Want2bSupermum · 05/10/2017 13:09

papa you are misunderstanding what I posted. The fact is that a child today is a lot more likely to have a half or step sibling. Yes it's good we have totally moved away from calling a child a bastard. However the fact remains it's easily disruptive to a child to have a blended family. Obviously not always disruptive but often it is. You just need to take a gander at the step parents thread to see that. I just wonder if the changing dynamics of our society is a factor driving the disrespect directed at teachers by certain children.

Papafran · 05/10/2017 13:24

The reason kids are rude is because their parents are generally also rude and disrespectful. They have not been taught to respect adults or authority figures. Some of them might be experiencing trauma of broken homes and are acting out- most are just rude. Blended families do not by themselves cause rude behaviour and nor does single parenthood. It's probably more to do with witnessing your mum screaming at some poor pensioner to fuck off because s/he has parked in a parent and child space, as we have seen numerous times on here.

multivac · 05/10/2017 13:38

I remember as a child in the 80s it wasn't uncommon for a child of unmarried parents to be referred to as a bastard

Our 12-year-olds were thrilled recently to discover they are "proper bastards" Grin

catkind · 05/10/2017 15:29

Lol that I'm the cause of all the problems because I think one punishment is unreasonable and that trust until proved otherwise should be the default position on toilet emergencies. My kids are terrified to put a foot wrong in school, that's why they'd be traumatised by an extreme punishment, and would soil themselves rather than go to the loo when told not to. I always back up school rules with them. That's why I'm keen for the rules to be as humane as possible. I may not be a teacher but half my family are and a number of friends. My family are not your problem kids.

user1485342611 · 05/10/2017 15:31

Definitely it comes back to the parents, the majority of times. Either parents who are abusive, aggressive, and foul mouthed or parents who jump to their children's defence the minute anyone criticises them.

The child of the former type of parents knows no better because that's what they witness in their day to day life. The child of the latter type knows they're out of order but also knows there'll be no consequences because their parents will defend them, make excuses or outright deny that their perfect child would behave like that.

Pengggwn · 05/10/2017 15:32

This reply has been deleted

Message withdrawn at poster's request.

Mittens1969 · 05/10/2017 15:57

@Pengggwn, obviously yes, and I did use to say to DD1 that she needed to go in her own time, but she took a long time to learn that. But the issues with her wetting or soiling herself have now thankfully stopped so it’s no longer something I’m concerned about.

Lm9004 · 05/10/2017 15:59

Pengggwn

Exactly.

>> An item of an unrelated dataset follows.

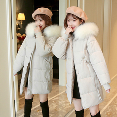 棉服女冬季中长款韩版孕妇大毛领棉衣女大码加厚保暖羽绒棉袄外套

They need the toilet because they haven't been at break and lunch. I feel my policy is fair, if I suspect a period or they have a medical problem I let them go.

Catkind

You are entitled to your opinion.

I decided to speak to the boys parent regarding the toilet issue and she was mortified at the language and agreed he should go at break and lunch. Incidentally not all children are abusive. I refused a girl this afternoon and she said " Sorry Miss LM I know it's not allowed and I should have gone at lunch" and sat back down.